Гринька завел велосипед под навес, приткнул к мотоциклу. На повторное маманино «ну!» отмахнулся:
– Идите вы все...
– Это еще что?! – построжала Филаретовна и стала спускаться по ступеням.
Катька тоже возмутилась:
– Ты эт чо?!
– Видел кого? Что сказали? Ну? – Подошла к сыну, строго глянула в лицо, по запыленному лицу – вилюжины от стекавшего пота. – Что Митрясов-то? А Илья Егорыч что? Был у них?
– У Митрясовых замок... А Илья Егорыч в бане моется. Обещал прийти.
– Ну-ну, – чуток успокоилась Филаретовна. – Отца-то видел?
– В сельсовете все... И рыбинспектор... А Авдеич опять без сознания!

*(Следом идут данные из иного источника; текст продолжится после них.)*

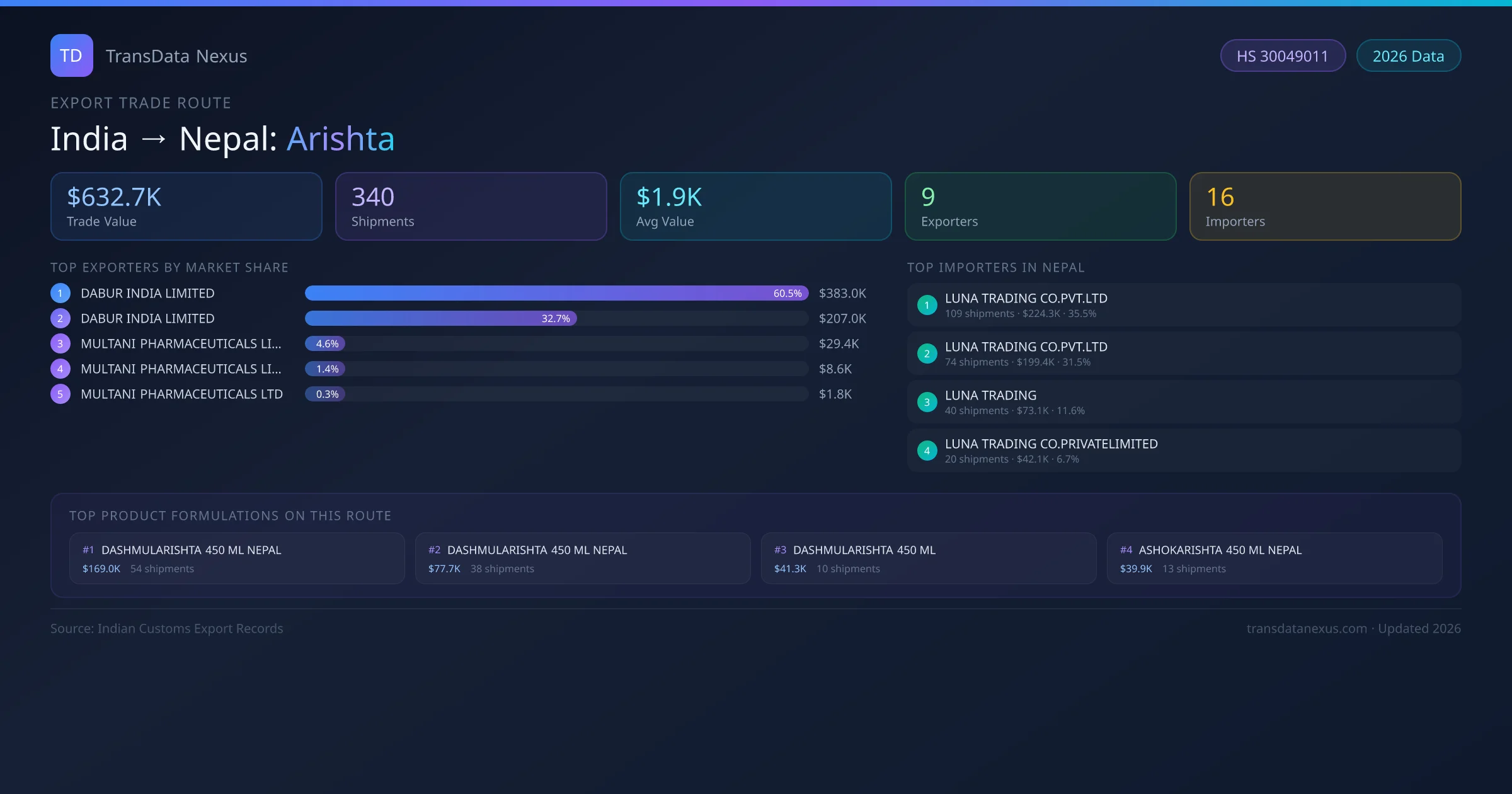 India has recorded 340 verified shipments of Arishta exported to Nepal, representing a combined trade value of $632.7K USD. This corridor is served by 9 active Indian exporters, with an average shipment value of $1.9K USD. The leading Indian exporter is DABUR INDIA LIMITED, which accounts for 61% of total export value with 190 shipments worth $383.0K USD. On the buying side, LUNA TRADING CO.PVT.LTD is the largest importer in Nepal with $224.3K USD in purchases. The top 3 suppliers โ DABUR INDIA LIMITED, DABUR INDIA LIMITED , MULTANI PHARMACEUTICALS LIMITED โ together control 98% of total trade value on this route. All data sourced from Indian Customs (DGFT) shipping bill records. Values reported in FOB USD.

– Кричать-то не след, сынок. – Филаретовна усиленно крепилась, делала вид, что все это пустяшные тревоги, но лицо ее твердело, а глаза сделались словно бы без зрачков – мутно-голубые, мутно-белые.

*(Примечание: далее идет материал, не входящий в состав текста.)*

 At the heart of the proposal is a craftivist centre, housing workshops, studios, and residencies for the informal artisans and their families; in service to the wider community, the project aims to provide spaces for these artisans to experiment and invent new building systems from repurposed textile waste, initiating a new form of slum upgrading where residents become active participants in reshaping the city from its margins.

Оня, так и не поднявшаяся со ступенек, косо, исподлобья глянула на брата:
– Иди умойся, слезомой...
Гринька в отчаянии затряс над головой кулаками:
– Да идите, идите вы!.. В школу мне! Как я в школу теперь?!

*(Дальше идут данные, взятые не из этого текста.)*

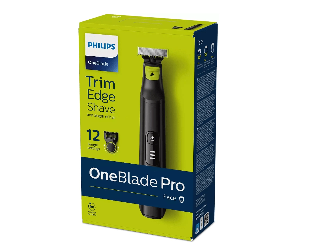 Den hybride trimmer Philips OneBlade til pleje af skæg og krop klarer trimning, formning af linjer og glat barbering af hår i alle længder. Med en klinge, der leverer 200 bevægelser i sekundet, en glat belægning og afrundede spidser er den skånsom mod huden og effektiv selv på længere skæg. Der medfølger en præcis kam med 12 længder (0,5–9 mm) til perfekt stub eller længere skæg, en dobbeltsidet klinge til præcise linjer og mulighed for tør- og vådbrug. Hurtig opladning på 1 time giver op til 90 minutters trådløs brug.
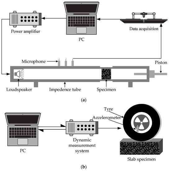 Effective methods for characterizing the sound absorption property of materials mainly include the reverberation chamber method and the impedance tube method, and the reverberation chamber method is relatively expensive. The impedance tube method has low requirements for specimens and is precise and convenient while measuring the sound absorption properties of specimens [28]. The measurement system using the impedance tube method is shown in Figure 2a; it consists of a power amplifier, loudspeaker, impedance tube, microphone, and data acquisition system. The specimen was firstly placed on one side of impedance tube, and the loudspeaker was placed on the other side to produce an acoustic wave. Then, the sound absorption properties of materials could be measured through the standing wave ratio, which could be calculated by Equations (1–4).
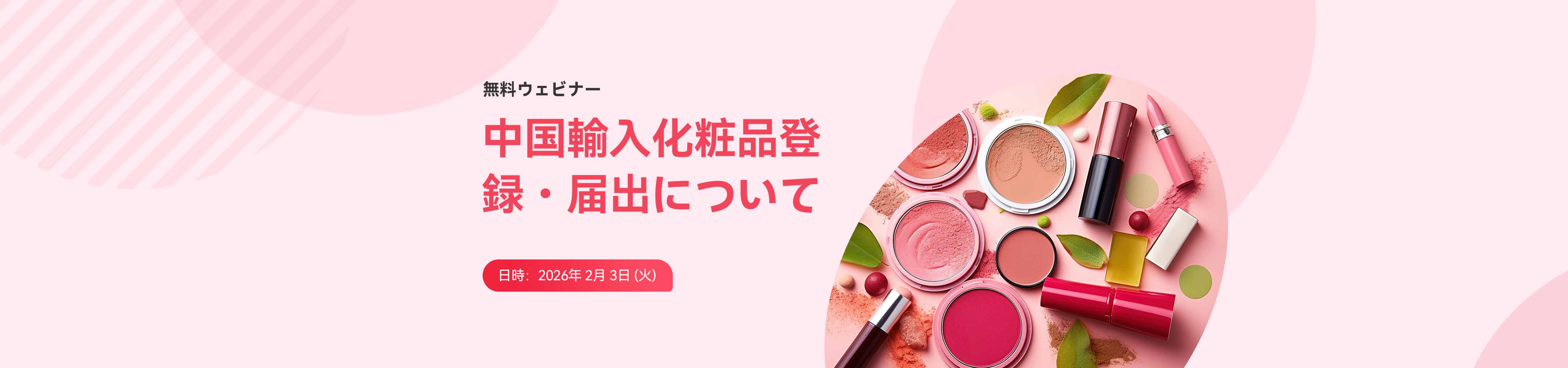 2026年2月3日(火)14:00~14:40、中国輸入化粧品登録・届出に関する無料ウェビナーを開催いたします。本セミナーでは、2022年1月1日より施行された「化粧品安全評価技術導則(2021年版)」をもとに、中国における輸入化粧品登録・届出制度の概要をご説明いたします。特に2025年5月1日より提出必須になった「化粧品安全評価報告書(完全版)」についてポイントを押さえながら分かりやすく解説いたします。中国化粧品市場への新規参入にご検討中の方や、すでに中国市場へ進出しているものの課題をお持ちの方は、ぜひこの機会にご参加ください。

– Ты чо? – притворно удивилась Катька. – Ножками, ножками...
– Тю-тю моя школа! Посадят нас с папанькой. – Он бросился матери на грудь, заплакал.
– Не мели, дурной, – погладила его по голове Филаретовна.
Он со злостью откачнулся от нее:
– Не мели, да? Не мели? Это ты, маманя, не мели!
У Филаретовны высокие брови еще выше полезли от изумления: да Гринька ли был перед ней? Ее ли тихоня? И увидела злой оскал его зубов с пузырьками пены, точь-в-точь как у отца, когда тот взбесится.
– Что, маманя, уставилась? Не нравится?!
– Да ты чо, Гринь? – всполошилась Катька.
– Пошли вы!..
И тут важеватая, покойная Филаретовна треснула сына по щеке. И тотчас опомнилась, обхватила, обняла Гринькину голову, прижала к груди:
– Господи... Да что ж это...
– Ты чо на мать-то, что матери тыкаешь? – Катька силилась сбить конфликт, подставляла себя под Гринькины выкрики, под Филаретовнину растерянность и вспышку.
Гринька вырвался от матери, мимо Они поднялся на веранду и, присев к столу, головой упал на согнутую в локте руку.
Филаретовна остановилась над ним, опустила руку на русую нечесаную голову. Не находила, что сказать, и угнетенно молчала, почувствовав вдруг, как навалились на нее годы, как сейчас вот, сиюминутно, старится она, как теряет твердость под ногами, теряет всегдашнее хладнокровие, всегдашнюю уверенность. Крутехонек был у нее муж, но Филаретовна могла им управлять, умела и впрячь и выпрячь. Да вот проглядела, ой, как нехорошо проглядела. Ох, дурак старый! И мальчишку впутал, и Онину свадьбу расколотил, и перед поселком позор на всю жизнь принял. Давно собиралась сесть с ним да рассудить, как жизнь далее ладить, негоже до конца непенсионных годов в истопниках ходить, насмешки выслушивать. Зимой истопником был в сельпо, а летом прохлаждался – кто куда пошлет. Это Ларионыча вполне устраивало (времени свободного много!), не обижался на подначки Вавилкина: «Оказывается, прохлаждаться можно и на тепленьком месте!» Основной заработок шел с Урала, это все знали, тот же Крайнов Ванечка знал... Знал, а почему не поговорил покруче, почему сквозь пальцы смотрел, хотя и с презрением, а все ж сквозь пальцы, почему? Момента ждал? А еще фронтовой друг, однополчанин! И здесь совесть не пускала порог перешагнуть? Снимем шапки и помолчим о твоей совести, Ванечка. Совесть упреждает беду, а не в хвосте плетется. Стеснительная собачка хвостом виляет, да исподтишка кусает – так, что ли?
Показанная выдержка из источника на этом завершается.